Exercise data:
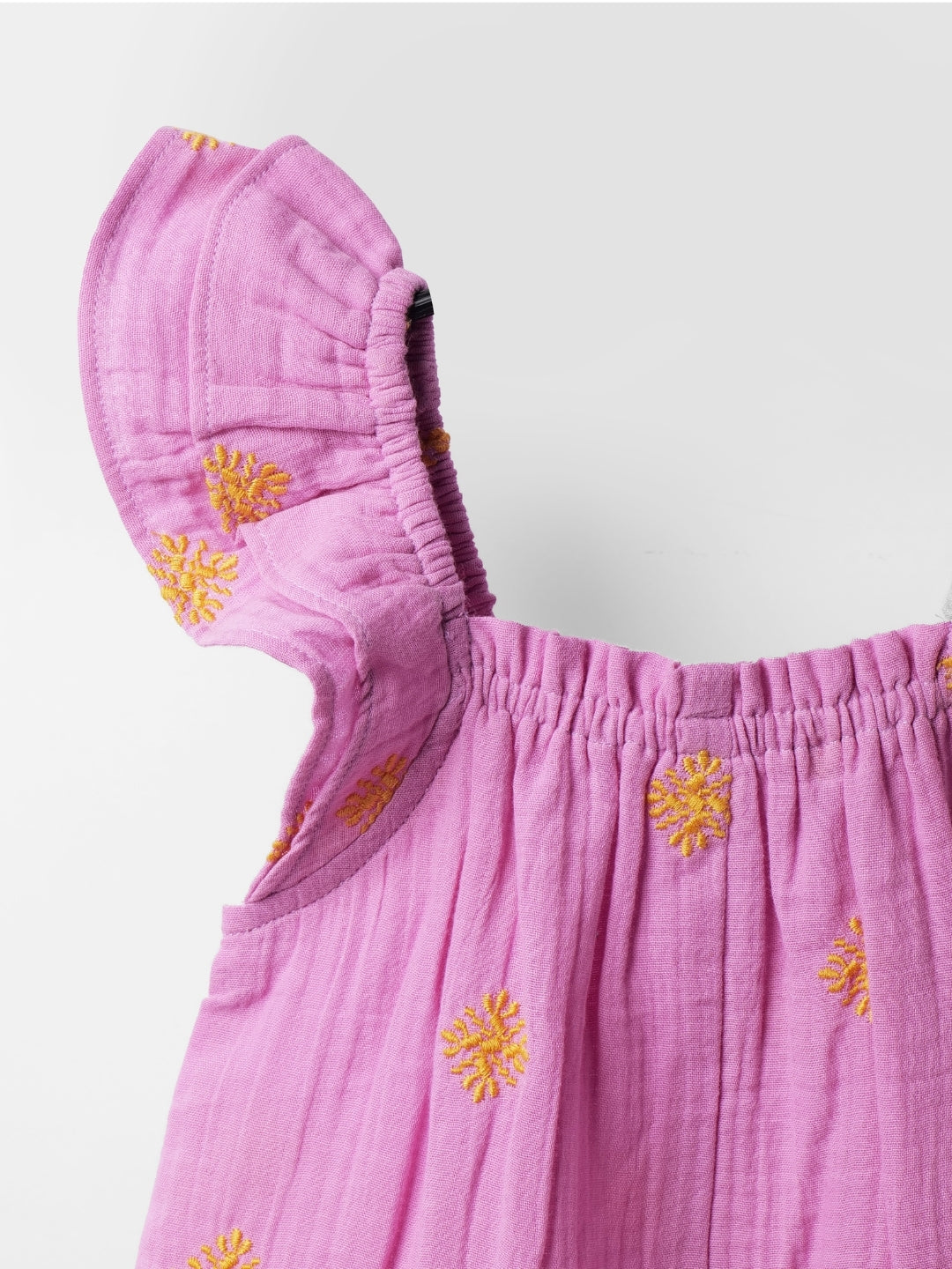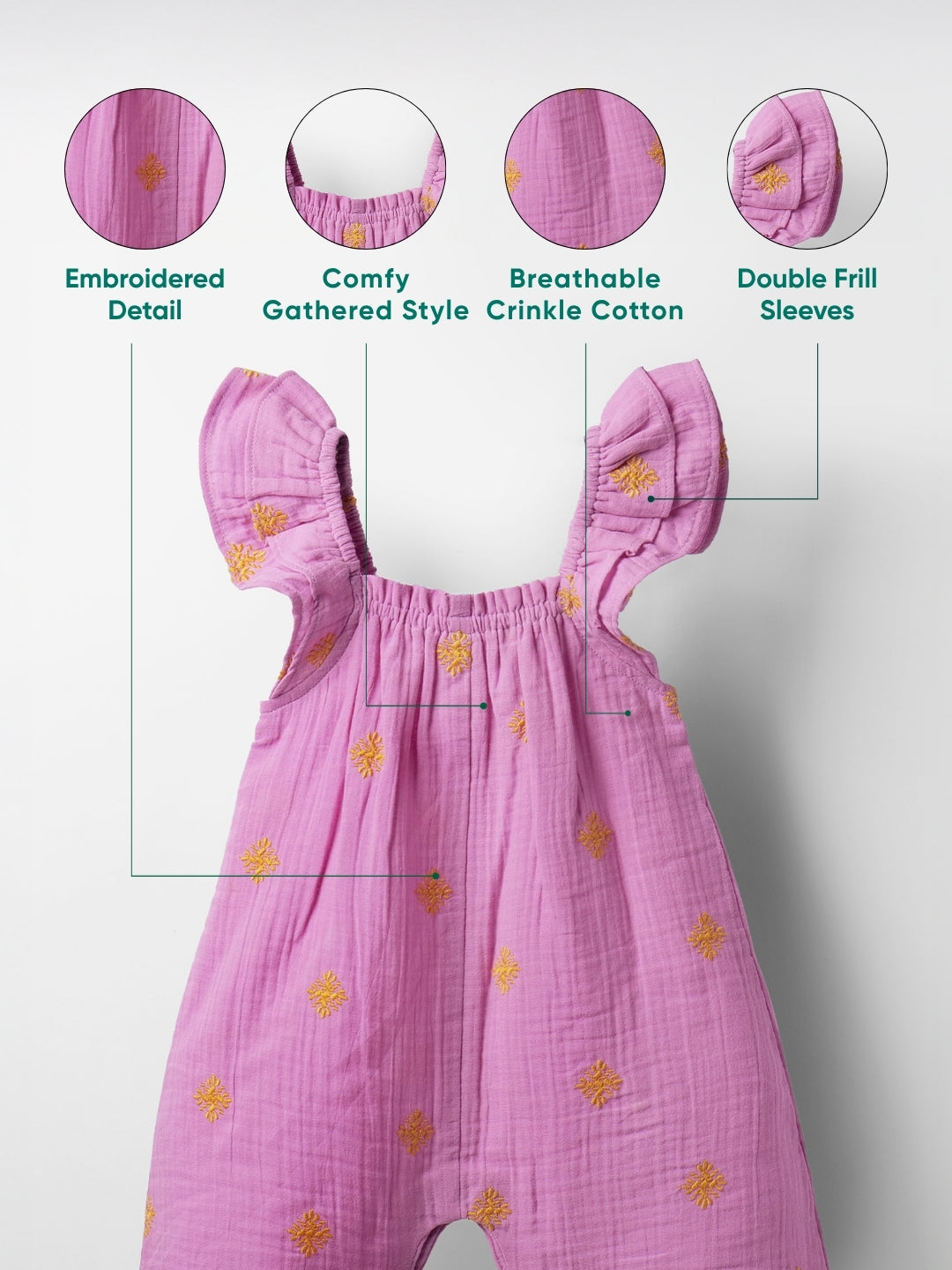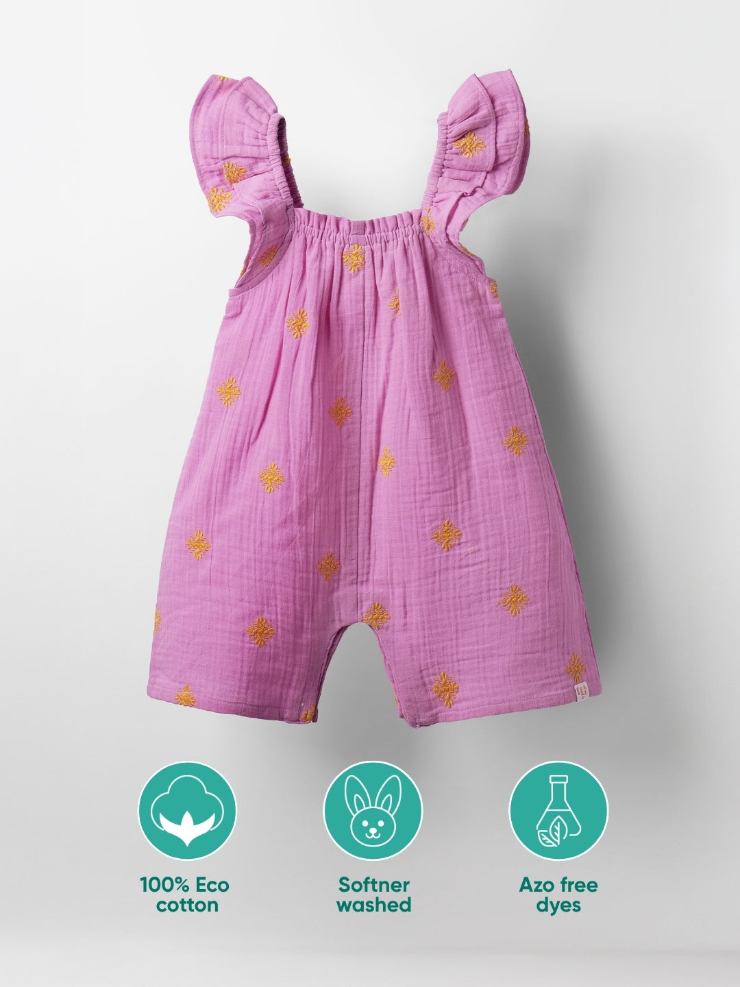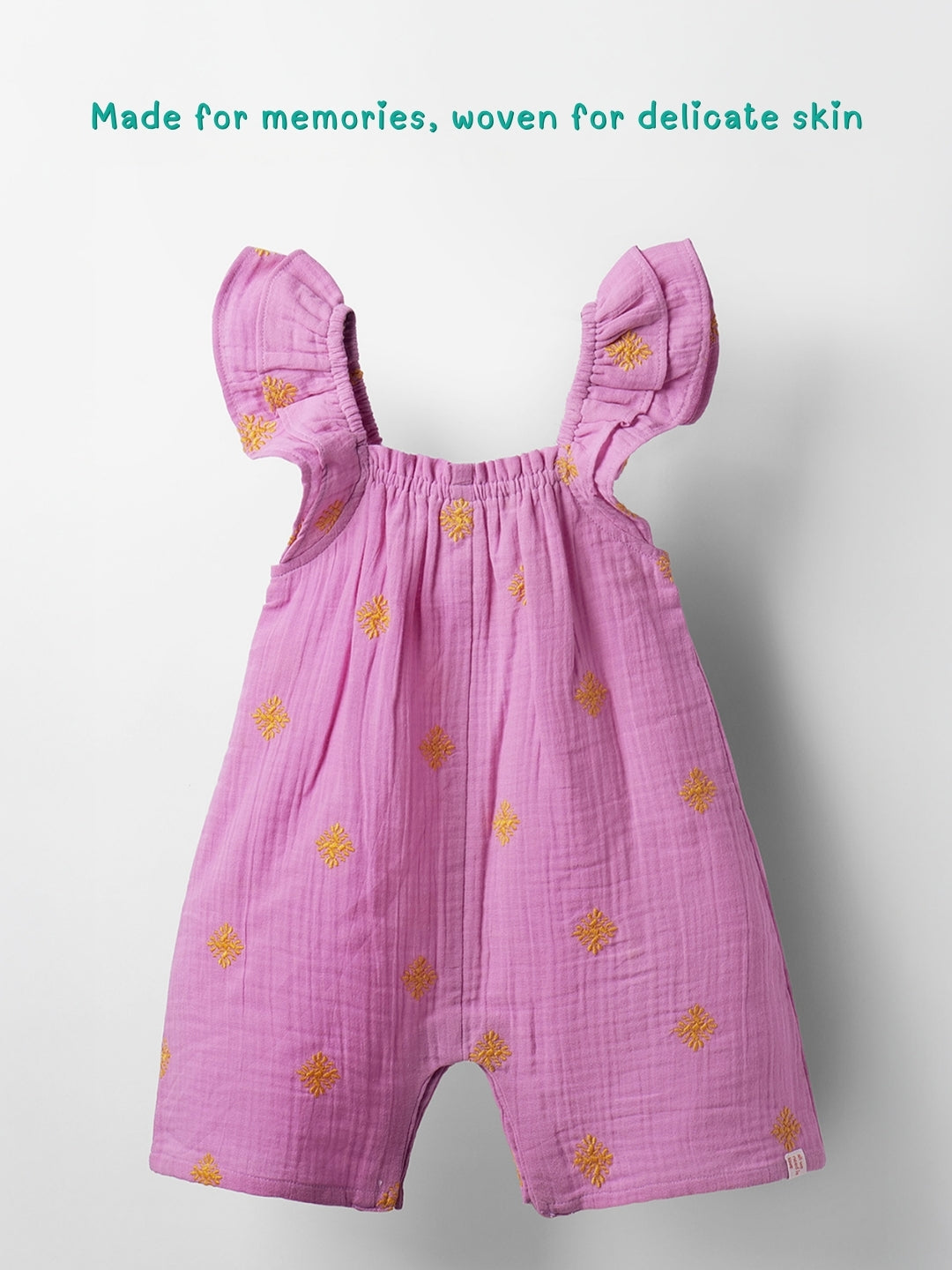 Girls Frill Sleeve Muslin Romper - Eco Cotton, Softner Washed
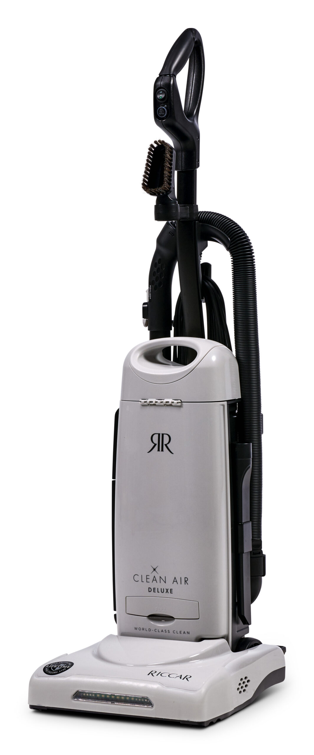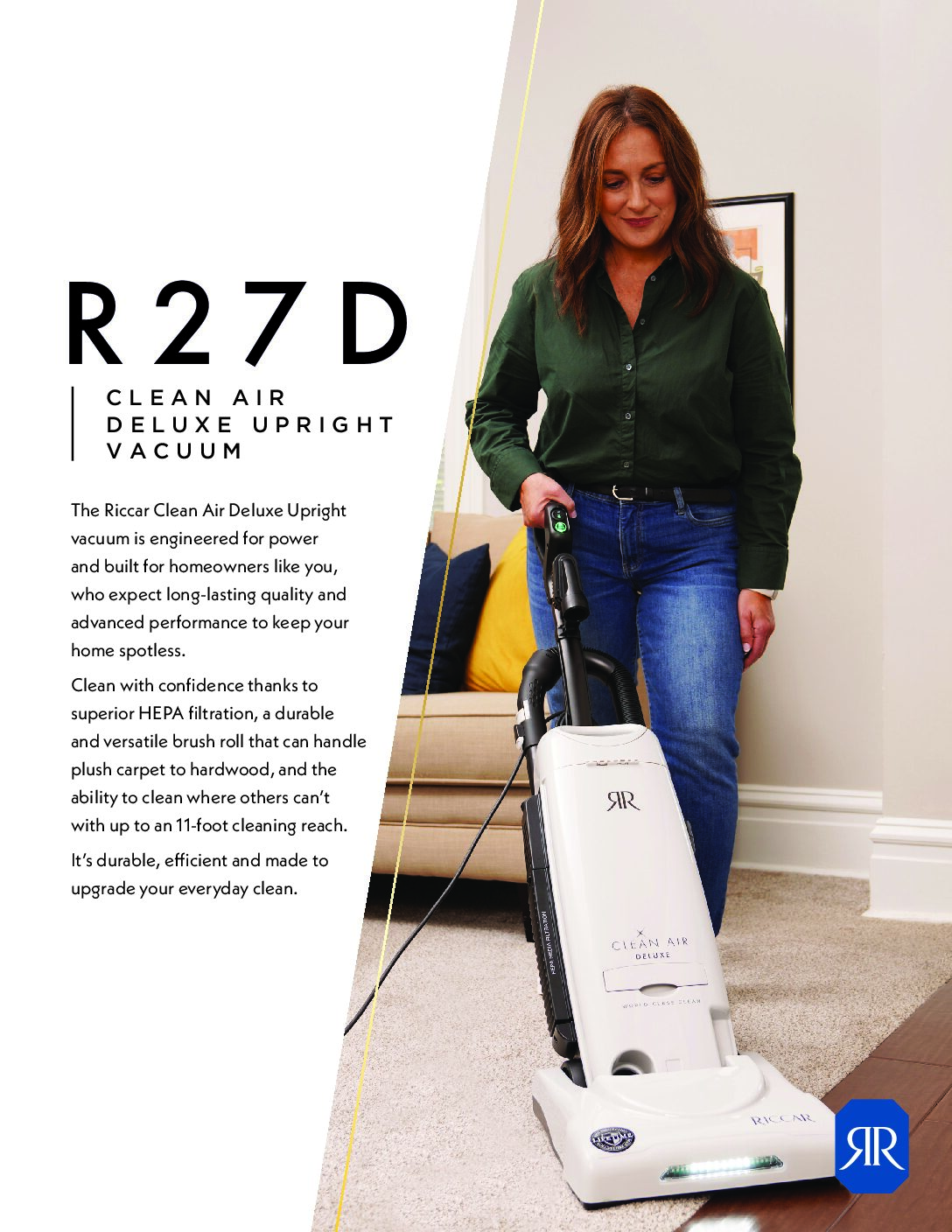 New from Riccar, the R27 Deluxe is an advanced cleaning machine, built for power, performance and ease of use. The R27D model has a self-adjusting nozzle that transitions beautifully from ultra-plush carpet to bare floors without scratching wood or blowing dust. Large rubber wheels, plus 360-degree casters and smaller rubber wheels mean the vacuum turns on a dime. Lower it to the floor for cleaning under furnishings easily, or stretch it a full 11 feet to clean crevices you never thought you’d reach with an upright vacuum.
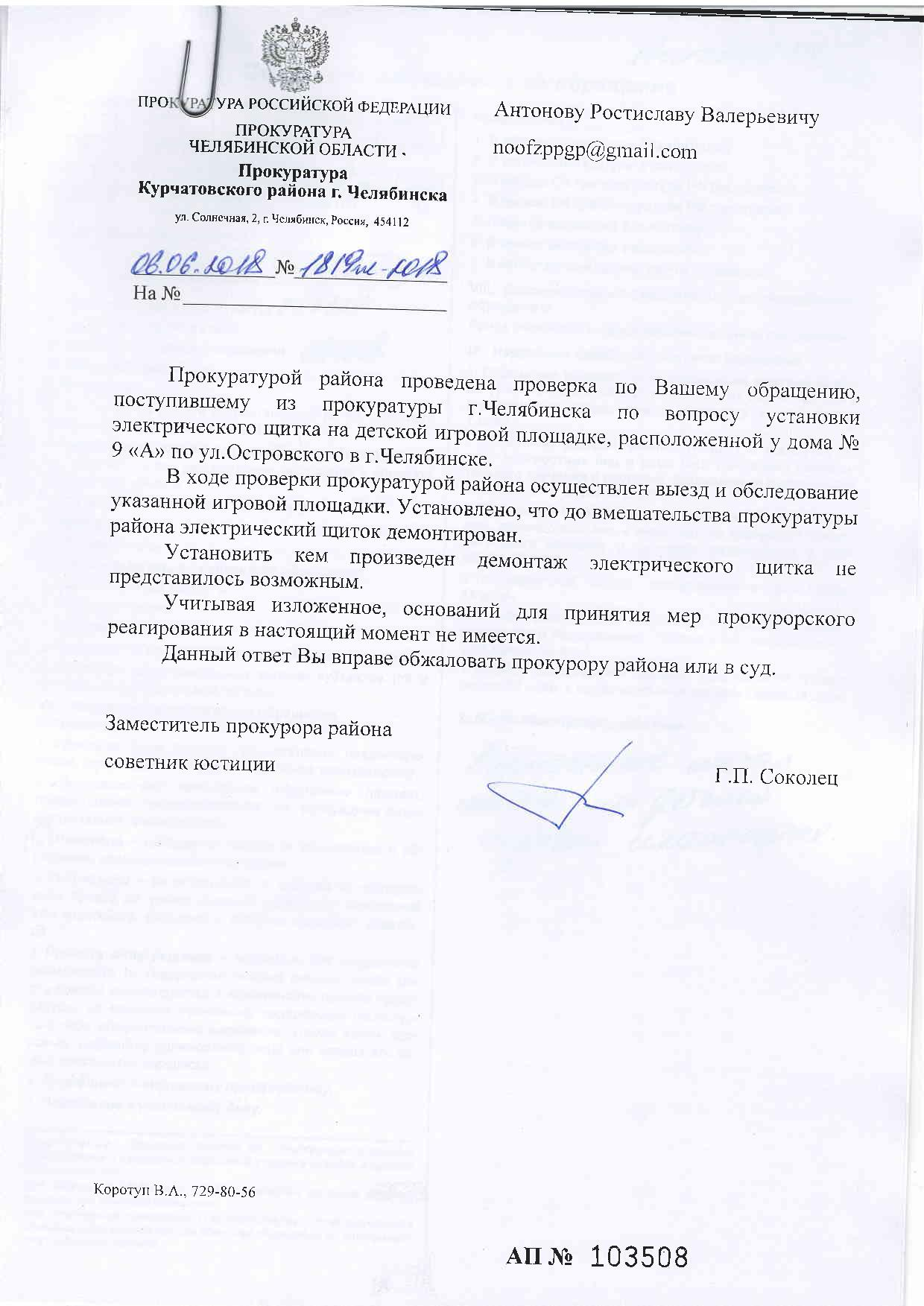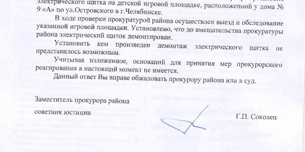 Номер жалобы:35966 Тип жалобы:Иные проблемы ЖКХ Название объекта:Администрация Калининского района Регион:Челябинская область Город:Челябинск Адрес:ул. Островского, 9А Описание жалобы:Щиток электропитания на детской площадке! Статус:

Work instruction: Copy nothing but the lines from the line that contains "New from Riccar, the" through the end of the listing, exactly, and keep pictures out of it.

Reply:
 New from Riccar, the R27 Deluxe is an advanced cleaning machine, built for power, performance and ease of use. The R27D model has a self-adjusting nozzle that transitions beautifully from ultra-plush carpet to bare floors without scratching wood or blowing dust. Large rubber wheels, plus 360-degree casters and smaller rubber wheels mean the vacuum turns on a dime. Lower it to the floor for cleaning under furnishings easily, or stretch it a full 11 feet to clean crevices you never thought you’d reach with an upright vacuum.
 Номер жалобы:35966 Тип жалобы:Иные проблемы ЖКХ Название объекта:Администрация Калининского района Регион:Челябинская область Город:Челябинск Адрес:ул. Островского, 9А Описание жалобы:Щиток электропитания на детской площадке! Статус:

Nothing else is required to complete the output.